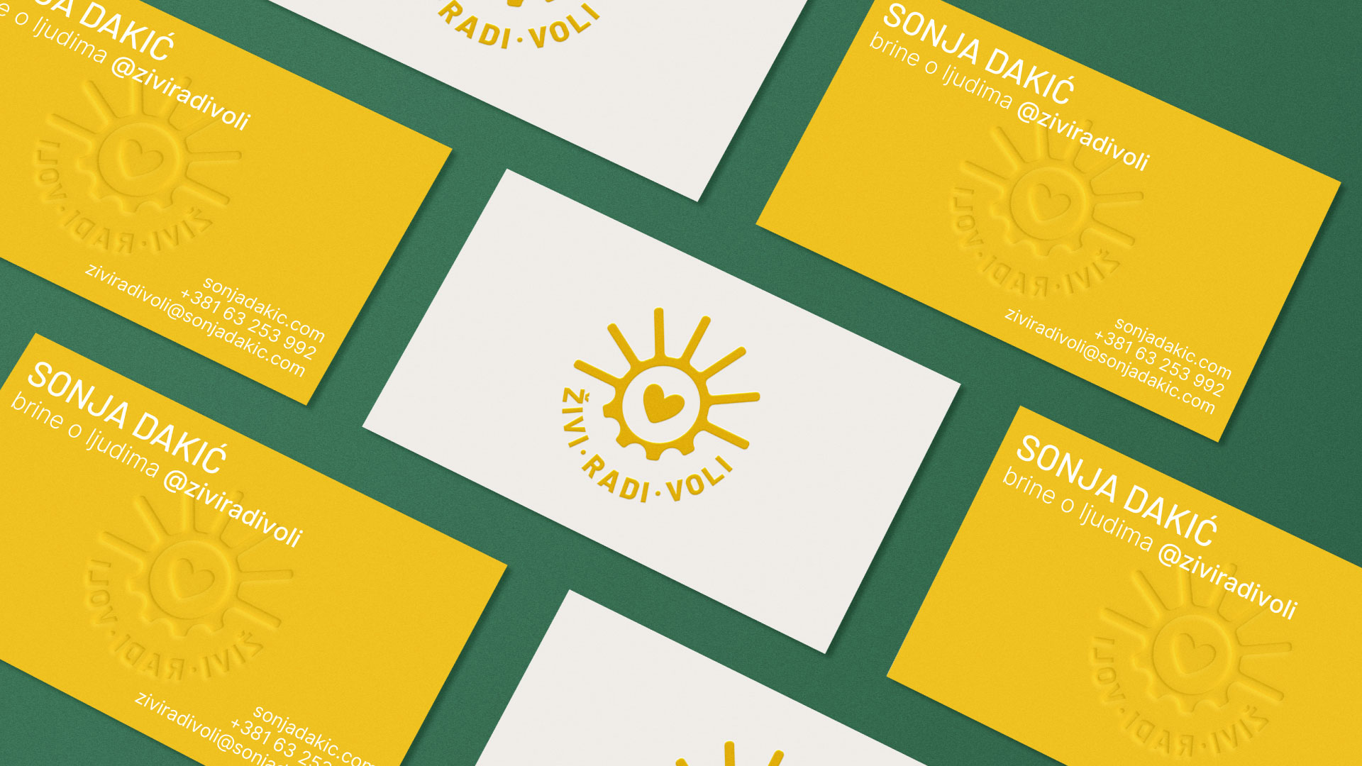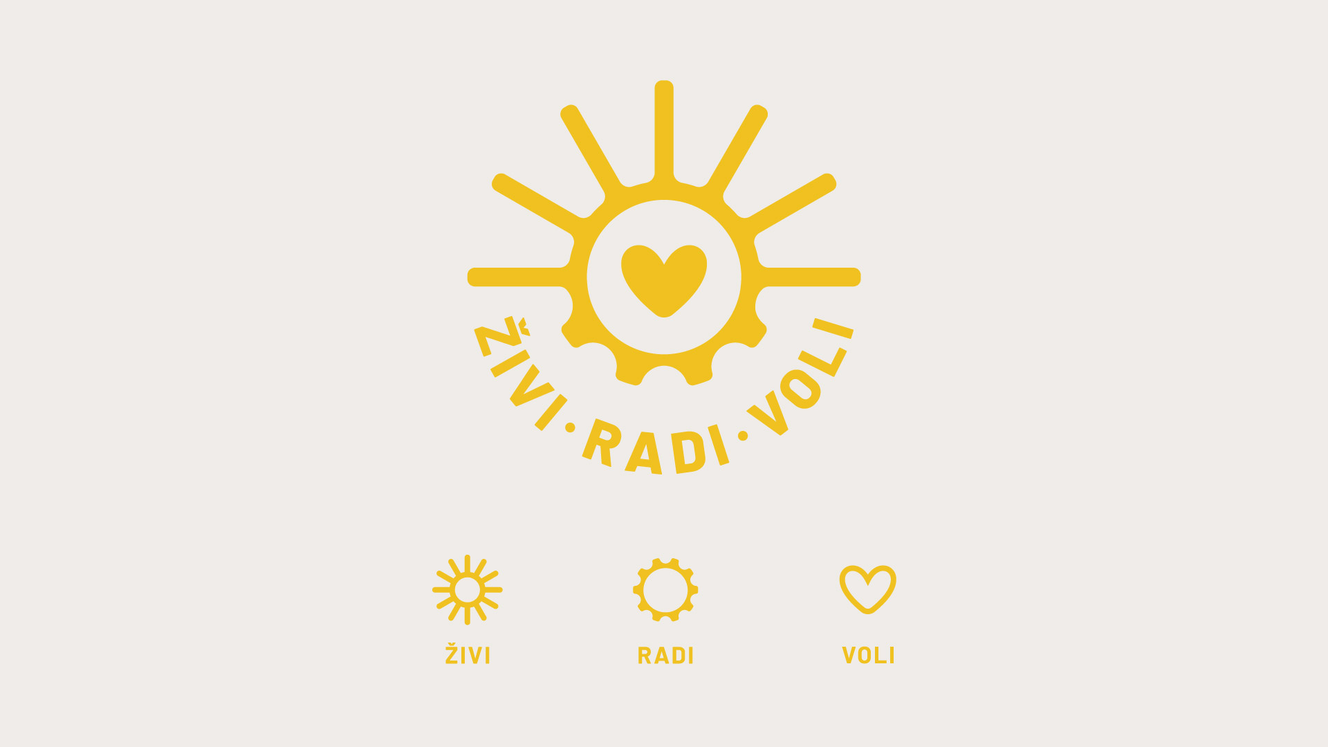 Ključne vrednosti iza Živi.Radi.Voli. brenda su zajednica, podrška, vera, ljubav i radost. Sonja je želela da se one oslikavaju u njenom vizuelnom identitetu. Logo je trebalo da bude jednostavan za primenu u jednoj boji, kao piktogram prepoznatljiv u malom formatu, lako primenljiv u brendiranju. Simbole iz naziva brenda trebalo je spojiti u jedan jedinstven i upečatljiv piktogram: ŽIVI – simbol je Sunce kao izvor života na zemlji, RADI – zupčanik koji (p)okreće, VOLI – srce za ljubav.
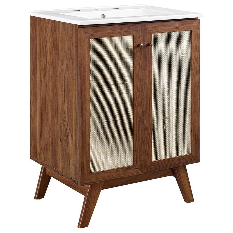 Introduce refreshing style to your restroom with the Soma 24″ Bathroom Vanity. Showcasing a beautiful rattan weave on the cupboard doors, this vanity brings organic aesthetics and modern functionality to any bathroom or powder room. Crafted from durable MDF and particleboard with a natural wood grain finish, this vanity boasts a ceramic sink basin with 8-inch centerset holes and an integrated countertop. This vanity features an adjustable shelf, providing easy customization for arranging towels, toiletries, and bathroom necessities. Complete with metal doorknobs with a brushed gold finish and soft-close hinges, this bathroom vanity cabinet is designed for quiet and effortless functionality. Resting on splayed legs, the Soma Bathroom Vanity includes non-marking foot caps to protect flooring. Assembly required. Fixtures not included.
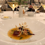 Quel dîner fantastique ! Des plat exceptionnellement créatifs comme la seiche au foie gras, la simple asperge rôtie, la langoustine à la vanille, le pigeon en deux services (exceptionnel) et la tarte aux chocolats. Des vins de grande classe comme on pourraits’h attendre. Et un personnel sympa et pro. Un repas exceptionnel.

■ ■ ■ ■

* **ACTIVITY**: Pictures aside, write out verbatim every line from the first line of the material through the line holding "Introduce refreshing style".

* **YOUR SOLUTION**:
 Ključne vrednosti iza Živi.Radi.Voli. brenda su zajednica, podrška, vera, ljubav i radost. Sonja je želela da se one oslikavaju u njenom vizuelnom identitetu. Logo je trebalo da bude jednostavan za primenu u jednoj boji, kao piktogram prepoznatljiv u malom formatu, lako primenljiv u brendiranju. Simbole iz naziva brenda trebalo je spojiti u jedan jedinstven i upečatljiv piktogram: ŽIVI – simbol je Sunce kao izvor života na zemlji, RADI – zupčanik koji (p)okreće, VOLI – srce za ljubav.
 Introduce refreshing style to your restroom with the Soma 24″ Bathroom Vanity. Showcasing a beautiful rattan weave on the cupboard doors, this vanity brings organic aesthetics and modern functionality to any bathroom or powder room. Crafted from durable MDF and particleboard with a natural wood grain finish, this vanity boasts a ceramic sink basin with 8-inch centerset holes and an integrated countertop. This vanity features an adjustable shelf, providing easy customization for arranging towels, toiletries, and bathroom necessities. Complete with metal doorknobs with a brushed gold finish and soft-close hinges, this bathroom vanity cabinet is designed for quiet and effortless functionality. Resting on splayed legs, the Soma Bathroom Vanity includes non-marking foot caps to protect flooring. Assembly required. Fixtures not included.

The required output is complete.